*** Block opens ***

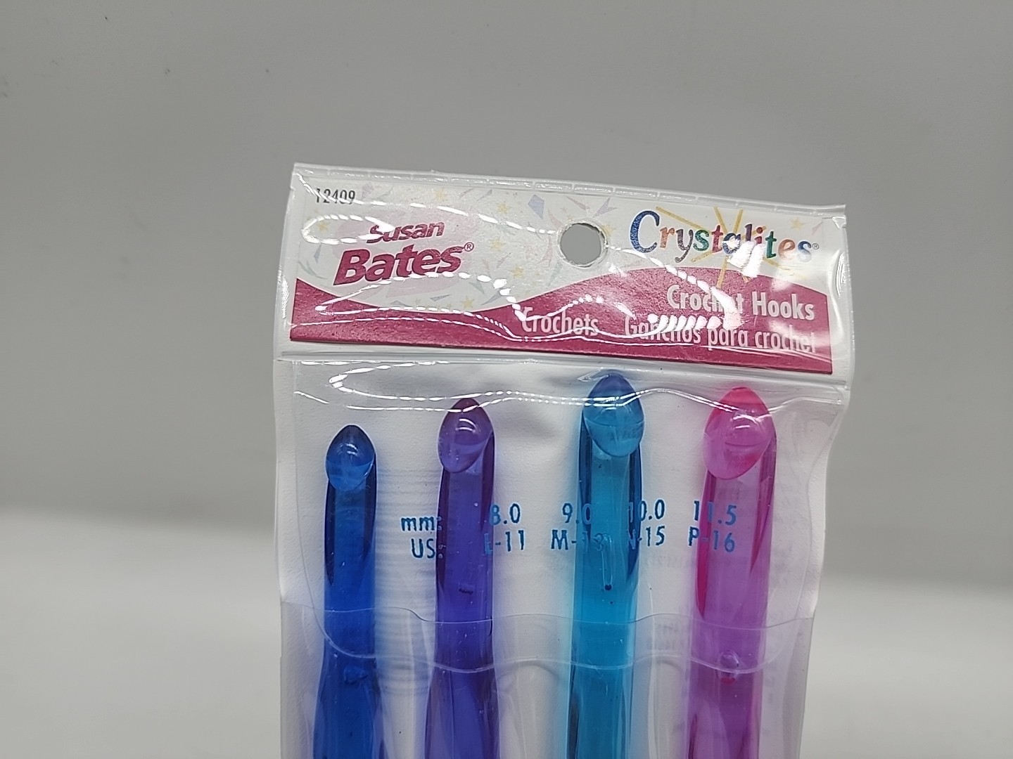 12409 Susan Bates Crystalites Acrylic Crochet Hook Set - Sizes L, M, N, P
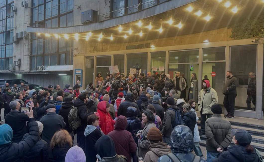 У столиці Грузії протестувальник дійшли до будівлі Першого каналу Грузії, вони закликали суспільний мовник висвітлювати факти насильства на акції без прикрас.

*** Block closes ***
*** Block opens ***

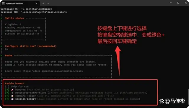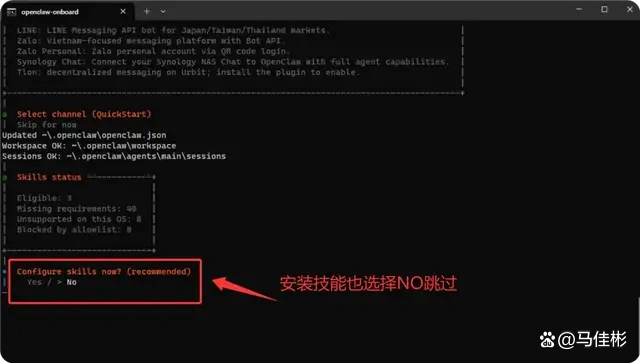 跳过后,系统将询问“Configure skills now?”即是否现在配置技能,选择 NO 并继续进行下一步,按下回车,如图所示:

*** Block closes ***
*** Block opens ***

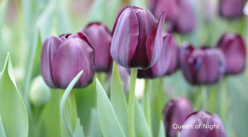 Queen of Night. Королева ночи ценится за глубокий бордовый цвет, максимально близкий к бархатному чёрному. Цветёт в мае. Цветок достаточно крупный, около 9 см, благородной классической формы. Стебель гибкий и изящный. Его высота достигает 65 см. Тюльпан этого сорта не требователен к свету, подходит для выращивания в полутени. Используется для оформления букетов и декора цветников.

*** Block closes ***

» WHAT YOU NEED TO DO: Copy everything above from the line holding "12409 Susan Bates" down to the line holding "У столиці Грузії", both ends included, exactly as it stands and without the pictures.

» RESULT BELOW:
 12409 Susan Bates Crystalites Acrylic Crochet Hook Set - Sizes L, M, N, P
 У столиці Грузії протестувальник дійшли до будівлі Першого каналу Грузії, вони закликали суспільний мовник висвітлювати факти насильства на акції без прикрас.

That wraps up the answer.